* **DATASET EXTRACT**:
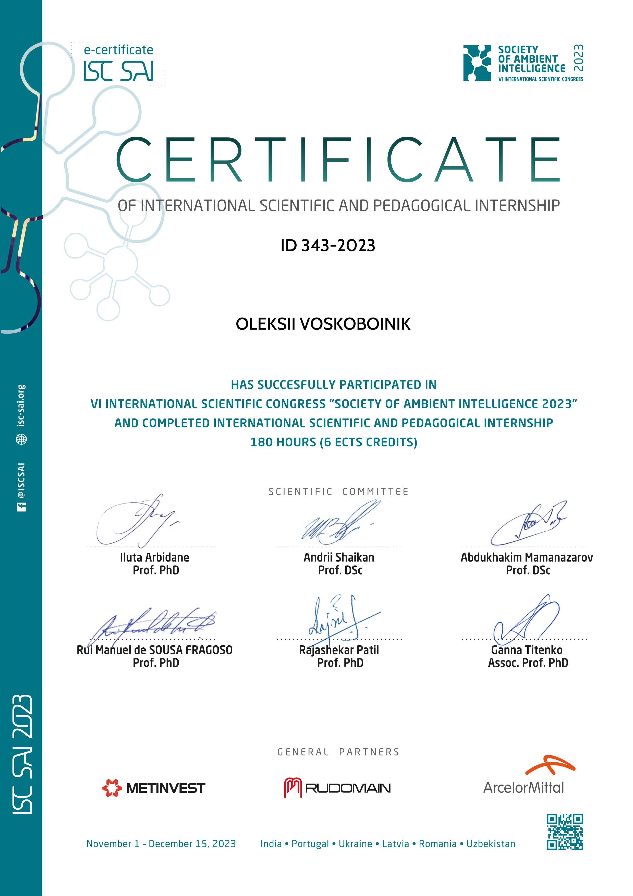 Професор кафедри "Композиційні матеріали, хімія та технології" Олексій ВОСКОБОЙНІК пройшов науково-педагогічне стажування, що проводилось в рамках 7 міжнародного наукового конгресу “SOCIETY OF AMBIENT INTELLIGENCE 2023”
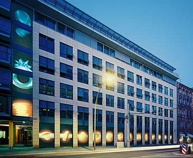 Five vertical and 13 horizontal window segments, doubling as video screens, partition the facade of the former Vereinigte Energiewerke AG (VEAG) building and form a near- autonomous L-form. Activated by pulses of light objects emerge, quoting the surface aesthetics of trivial consumer goods. Their shapes flow between the windows from top to bottom and from left to right, burn up to arise again. Referring to the specifity of the location energy cycles as a universal principle, which allow transformations of form into form are accommodated in a symbolic and conceptual framework.
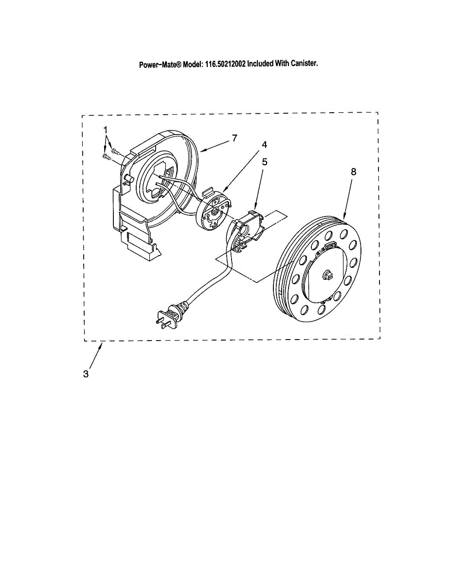 Parts for Kenmore 116.20212002 (11620212002, 116 20212002): Power Cord Reel Parts
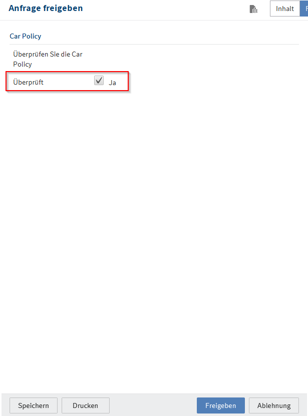 Soll die Fahrzeugkonfiguration angenommen werden, braucht es vorher einen Haken bei Überprüfung der Car-Policy.

* **EXERCISE AIM**: The exact lines from the one containing "Five vertical and" through the end of the data are to be copied, with both ends kept and pictures left out.

* **REPLY**:
 Five vertical and 13 horizontal window segments, doubling as video screens, partition the facade of the former Vereinigte Energiewerke AG (VEAG) building and form a near- autonomous L-form. Activated by pulses of light objects emerge, quoting the surface aesthetics of trivial consumer goods. Their shapes flow between the windows from top to bottom and from left to right, burn up to arise again. Referring to the specifity of the location energy cycles as a universal principle, which allow transformations of form into form are accommodated in a symbolic and conceptual framework.
 Parts for Kenmore 116.20212002 (11620212002, 116 20212002): Power Cord Reel Parts
 Soll die Fahrzeugkonfiguration angenommen werden, braucht es vorher einen Haken bei Überprüfung der Car-Policy.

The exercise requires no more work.